Клещи растеряны, крутятся на одном месте, некоторые, размахивая ногами, забираются на камешки, большинство же направляется к ближайшим кустам и прячется в них. Только два клеща, возможно, случайно подползают к машине. Два из пятидесяти! Клещи не почуяли меня за металлическим барьером, несмотря на то, что добыча их была совсем близко.
Я не перестаю удивляться обилию клещей в этом месте. Куда ни пойду, всюду они попадаются на глаза. Я дразню клещей, меняю направление. Один попался шустрый, бежит за мной, как собака, не отстает, на ходу улавливает мои движения. Пришлось его засадить в пробирку. Другой — глупыш, почуял, сориентировался и помчался. Я уже отошел в сторону, а он никак не может остановиться, продолжает свой путь. Потом спохватился, задержался, будто сконфузился, забрался под камень, притих. Долго сидел под ним. Наконец пришел в себя, выбрался наверх и, подняв кверху передние ноги, стал крутиться вокруг оси, будто пригвожденный булавкой. Но вот нога-пеленгатор подсказала, в какой стороне добыча — и снова он помчался в мою сторону.

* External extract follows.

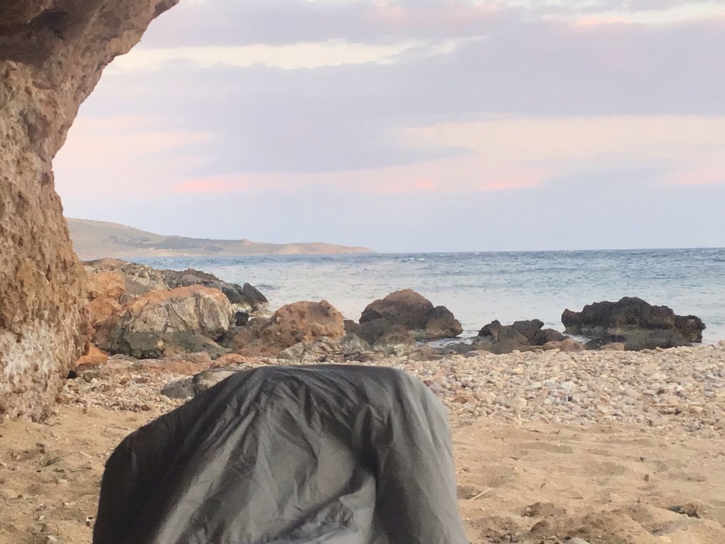 40è jour de mon périple. Réveillé aux aurores après une bonne nuit sous mon rocher comme si vous y étiez … avec mes doigts de pied en éventail sous mon duvet !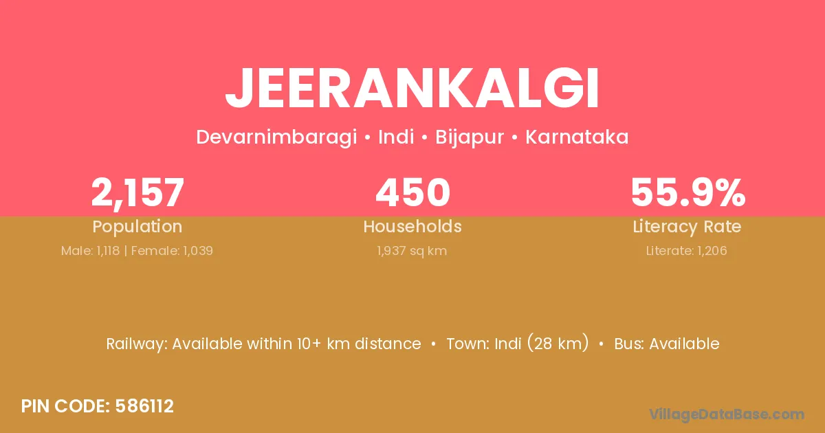 Indi (28 km) is the nearest town to Jeerankalgi village for major economic activities and is located approximately 28 km away.

Еще один клещ, мчавшийся на всех парах ко мне, завернул по пути к полевой сумке, оставленной на земле. Быть может, его сбило с толку зрение или обоняние? В какой-то мере эти органы чувств должны все же работать. И тут произошло то, что менее всего я ожидал. Клещ меня потерял, хотя я находился возле него в четырех-пяти метрах, и помчался к бугру, на котором стояли, мирно беседуя, двое моих спутников. До них более двадцати метров. К бугру от клеща дул заметный попутный ветер, как бы специально подтверждая, что обоняние тут совершенно не причем.
Вот клещ одолел половину расстояния до бугра. Но его желанная цель не стала ждать. Пришлось ему с досады прятаться под кустик, отдыхать, приходить в себя, снова ориентироваться, улавливать и мчаться со всех ног.
Вскоре после этой встречи, путешествуя, мы поставили две палатки по обеим сторонам машины. Одну палатку занял я, другую — мой спутник. Я устал с дороги, спал очень плохо, назойливые и беспокойные мысли крутились в голове. К утру похолодало, и тогда удалось забыться сном.
Утром, проснувшись, дружно сворачиваем палатки. Возле моей и под ней я насчитал девять клещей-гиаломм. Возле палатки моего молодого спутника — ни одного!
Я давно заметил: на человека, крепко спящего, клещи не ползут. Видимо, у бодрствующего мозг продолжает излучать биотоки, по которым клещи и находят свою добычу. Это смелое предположение может обескуражить требовательного читателя. В действительности, я давно установил, что вблизи клещи как бы руководствуются зрением, но издали определяют добычу каким-то неведомым способом.
Через несколько лет я вновь встретился с загадочным поведением этого жителя пустыни.
Тихий саксаульный лес только что зазеленел. Мы устроили бивак, сидим на большом, разостланном на земле тенте, обедаем. Вокруг по песку бегают муравьи, носятся чернотелки. Мир насекомых ожил, наступило весеннее тепло.
На тент, как всегда, страшно торопясь и размахивая передними ногами, заползает клещ-гиаломма. За ним спешит другой. Почуяли нас, выбрались из зарослей, примчались. Кое-кто из участников экспедиции вскакивает на ноги, опасаясь неожиданных посетителей. Тогда я рассказываю о клещах-гиаломмах, о том, что они вовсе не опасны, и хотя человек их привлекает как добыча, попав на тело и побродив некоторое время, они покидают его. Чем-то человек не подходит для этого кровопийцы. Может быть, по той простой причине, что испокон веков происходил своеобразный естественный отбор. Ведь на человеческой крови ни один клещ не воспитал потомства. Чтобы насосаться крови и отложить яички, клещ должен впиться в кожу и пробыть в таком положении несколько дней, напиться до размеров фасолины. Крупные животные, если клещи присосались в укромном месте, не в силах что-либо с ними сделать, невольно терпят своих мучителей, а человек всегда мог вырвать клеща из тела и уничтожить.